17. In the light of the above principles the Andhra Pradesh High Court considered the facts of that case and came to the conclusion that on the facts of that case Visakha Cement Works is a branch of the petitioner-company, and, therefore, cannot claim the benefit of exemption as postulated u/s 16 of the Employees'' Provident Funds Act for the infancy benefit. It was further held that the fact that Visakha Cement Works has been registered separately, licensed separately, granted interest-free sales tax loans as well as a rebate of 25% in power tariff cannot be reckoned as contributing factors to be taken as guidelines in finding whether the unit is a separate establishment or a branch of the main unit.
18. We are also of the view that the mere fact that separate licences were obtained under the Factories Act for the two factories in question is not a relevant consideration at all.
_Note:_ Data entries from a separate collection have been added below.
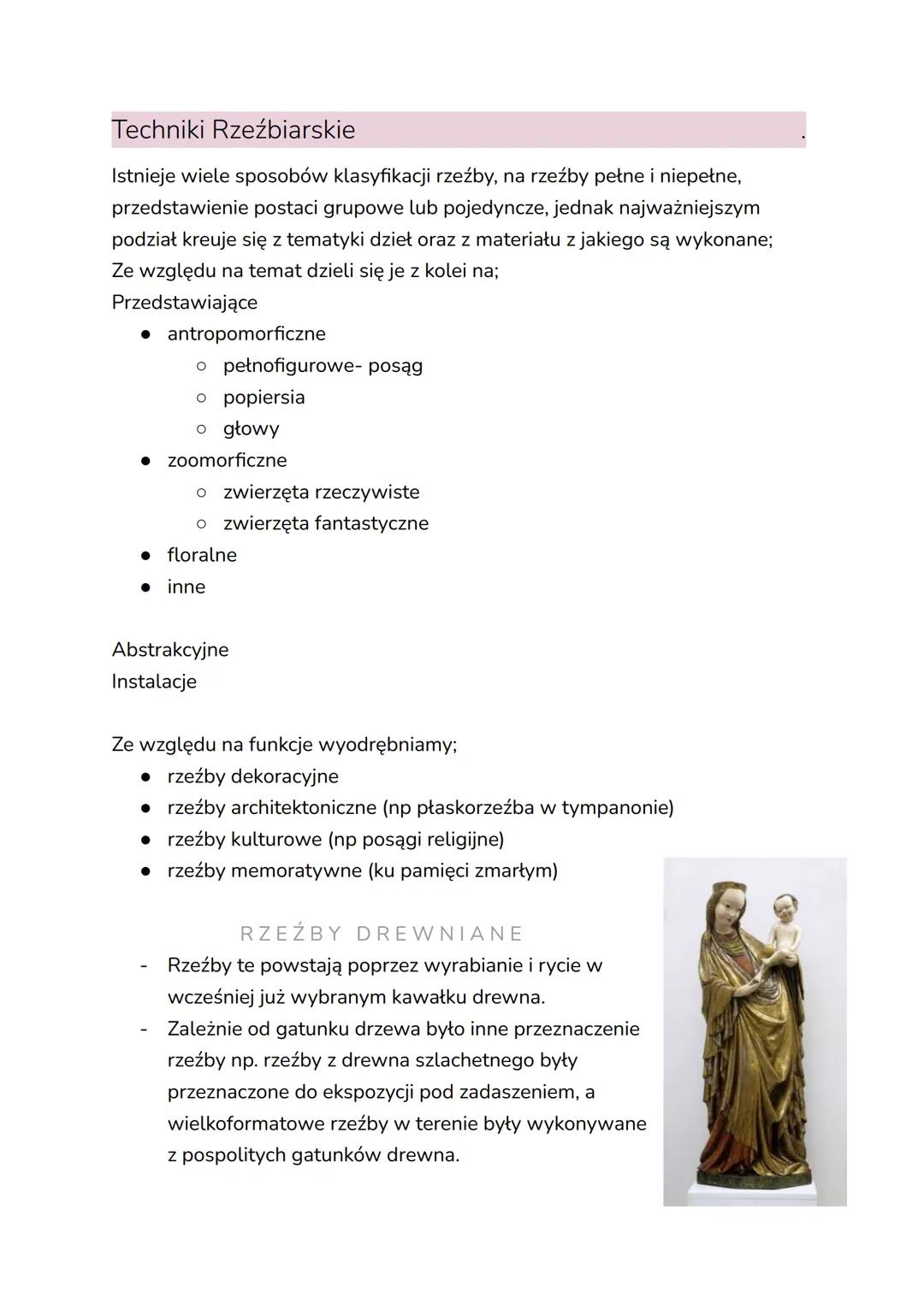 Ze względu na funkcje, rzeźby klasyfikuje się jako dekoracyjne, architektoniczne (np. płaskorzeźby w tympanonach), kulturowe (w tym religijne) oraz memoratywne. Szczególnie interesującą kategorią są rzeźby drewniane, których wykonanie wymaga specjalistycznej wiedzy o właściwościach różnych gatunków drewna. Style w malarstwie i rzeźbie często się przenikają, tworząc spójną narrację artystyczną danej epoki.
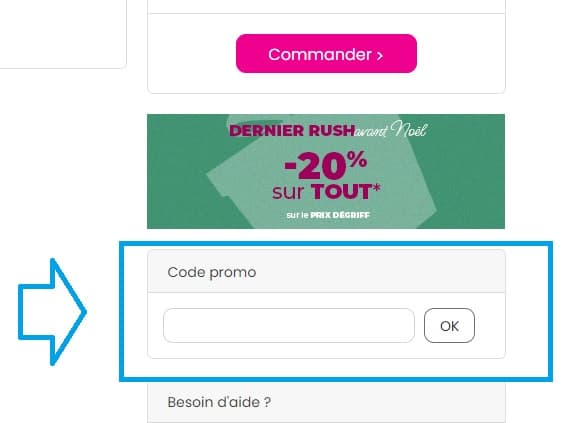 - Ensuite, repérez le champ “Code promo”. Saisissez-y le code de réduction Dégriffstock que vous avez choisi, puis validez pour appliquer la remise directement au montant total de votre commande.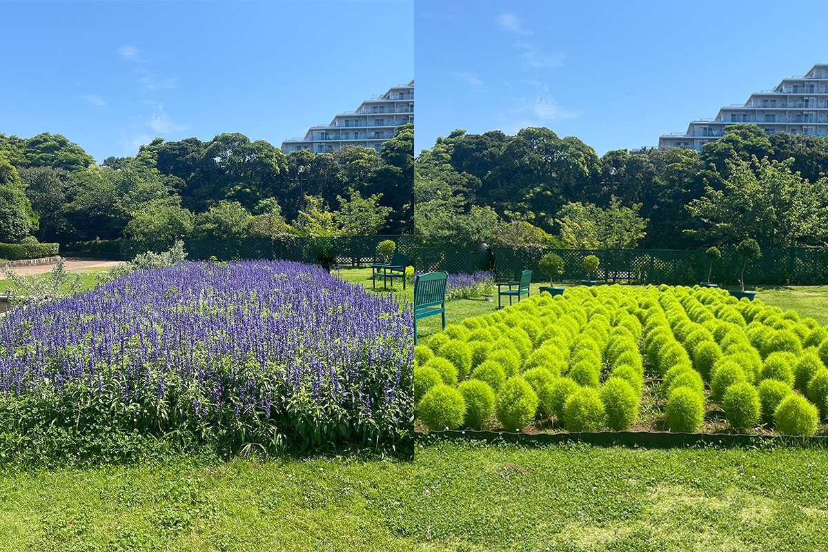 取材時には、ラベンダーやコキアが咲いていました。今年度(2025年)は春にチューリップが咲き、秋にはケイトウ、冬にはビオラが咲くそうで、季節ごとに違った景色を楽しめます。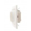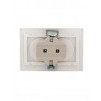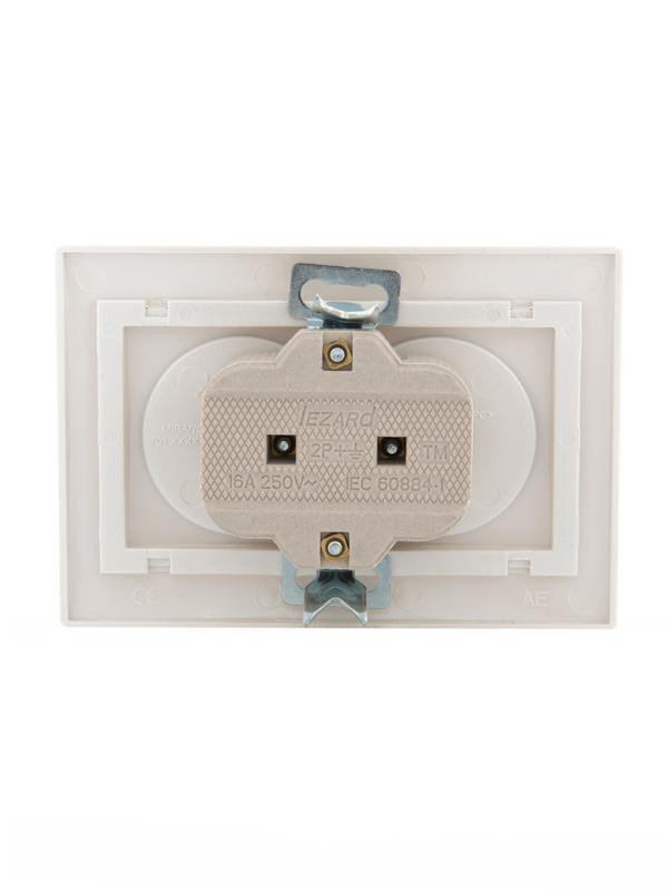 Корпус представляет собой форму из негорючего пластика, белого цвета, с защитными шторками, автоматически закрывающими гнезда розетки при вынутой вилке. Основание керамическое. Подпружиненные лапки крепления обеспечивают комфортный и легкий монтаж изделия. Предусмотрена возможность установки без применения монтажной коробки.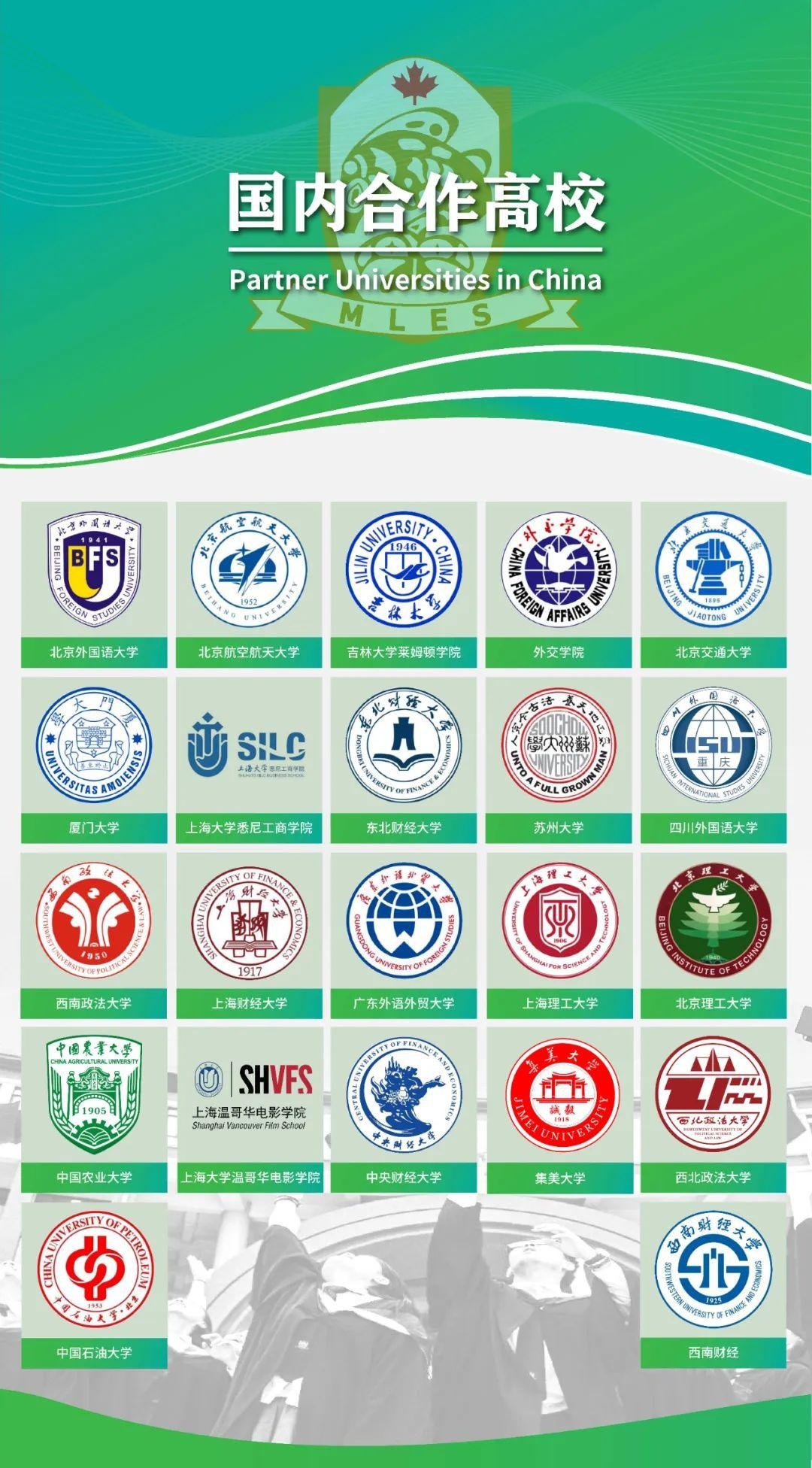 07.国内大学中外合作项目在全球疫情尚未解除、国际关系依然复杂的形势下,为了给枫叶毕业生提供更广泛的升学选择和出口,集团与国内多所著名高校合作并签署了项目合作协议。目前,合作高校已有22家,合作名单还在持续更新中。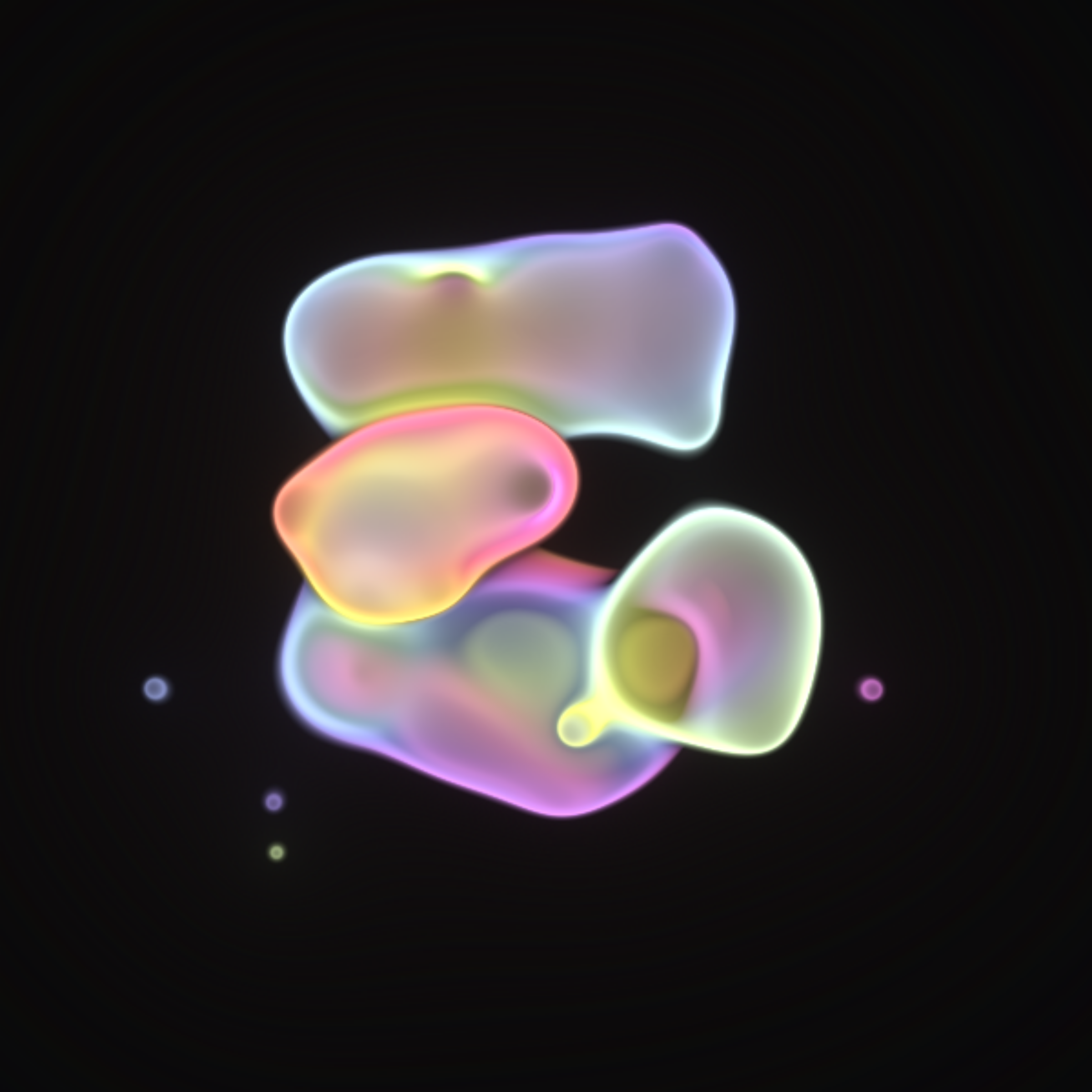 Translucent color bubbles playfully mix and morph to create organic and ephemeral blobby forms. [Shortcuts] spacebar: pause/resume, s: save screenshot, 1→5: high→low resolution. If needed, please adjust resolution or window size for optimal performance.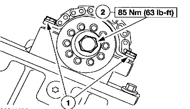 11. CAUTION: The right-hand camshaft sprocket bolt is a left-hand threaded bolt.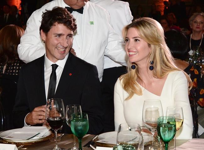 Le premier ministre prenait place avec son épouse Sophie Grégoire Trudeau au côté d’Ivanka Trump et de la conseillère adjointe à la sécurité nationale Dina Powell durant le gala.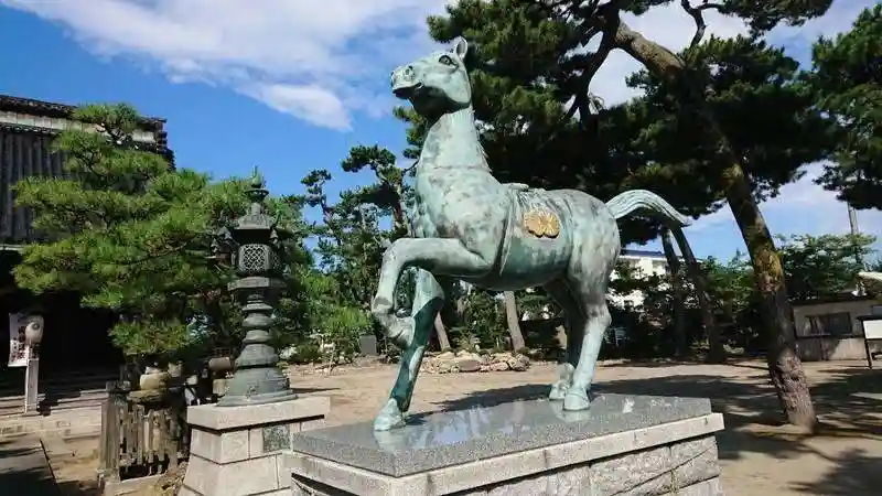 神馬像には、神紋である「五七桐」と「十六菊」の合わせ紋がある。(前田利家が使っていた)
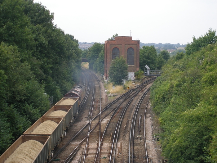 An eastward view from Dartford Junction shows the triple-track approach to the station and Class 66 No. 66125 hauling the Cliffe to Crawley sea-dredged aggregate freight. Since 1970, the centre track has been signalled for reversible running. Previously, there were two ''down'' and one ''up'' track. © David Glasspool

Applying the principles deducible from the aforesaid decisions to the facts of this case, we are clearly of the view that the Coimbatore factory is only a branch of the establishment at Chalakudy, for the reasons which we have already mentioned.
19. In view of what is stated above, we do not find any ground to interfere with Exhibits P-5 and P-7 orders and accordingly this original petition is dismissed, but, in the circumstances, without any order as to costs.